PM2.5 Inversion Using Remote Sensing Data in Eastern China Based on Deep Learning

Abstract

PM2.5, which is a major source of air pollution, has a considerable impact on human health. In this study, a multi-element joint PM2.5 inversion method based on a deep learning model is proposed. With PM2.5 concentration as the ground truth, 10 elements including the Himawari-AOD daily data products, temperature, relative humidity, and pressure, were introduced as inversion elements. To verify the effectiveness of the method, the experiment was carried out by season using remote sensing data in Eastern China during 2016-2018. The results demonstrate that PM2.5 concentrations were positively correlated with AOD, precipitation, wind speed, and high vegetation cover index and negatively correlated with dwarf vegetation cover index. The correlation with temperature, humidity, pressure, and DEM changed with seasons. Comparative experiments indicated that the accuracy of PM2.5 inversion based on the deep neural network is higher than that of traditional linear and nonlinear models.
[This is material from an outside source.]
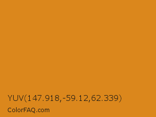 YUV 147.918,-59.12,62.339 Color is a normal orange color and the nearest color is Zest #e5841b. Hex code #db871c and RGB value is rgb(219,135,28). In RGB color space, this color is composed of 86% red, 53% green, 11% blue, In CMYK color space, this color is composed of 0% cyan, 38% magenta, 87% yellow , 14% black , In HSL color space, this color has a hue angle of 34° , 77% saturation and 48% lightness.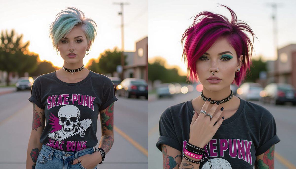 This image shows a punk girl embodying skate-punk aesthetics. She sports an asymmetrical hairstyle with vibrant colors, distressed jeans, and chunky sneakers. The image captures a playful and confident expression with professional photography techniques.

R2 was above 0.5, and the error was small in each season. The R2 value for autumn, which showed the best inversion, was 0.86, that for summer was 0.75, that for winter was 0.613, and that for spring was 0.566. The visualization of the model illustrates that the inversion result of the DNN model is closer to the PM2.5 concentration distribution interpolated by the ground monitoring station, and the resolution is higher and more accurate.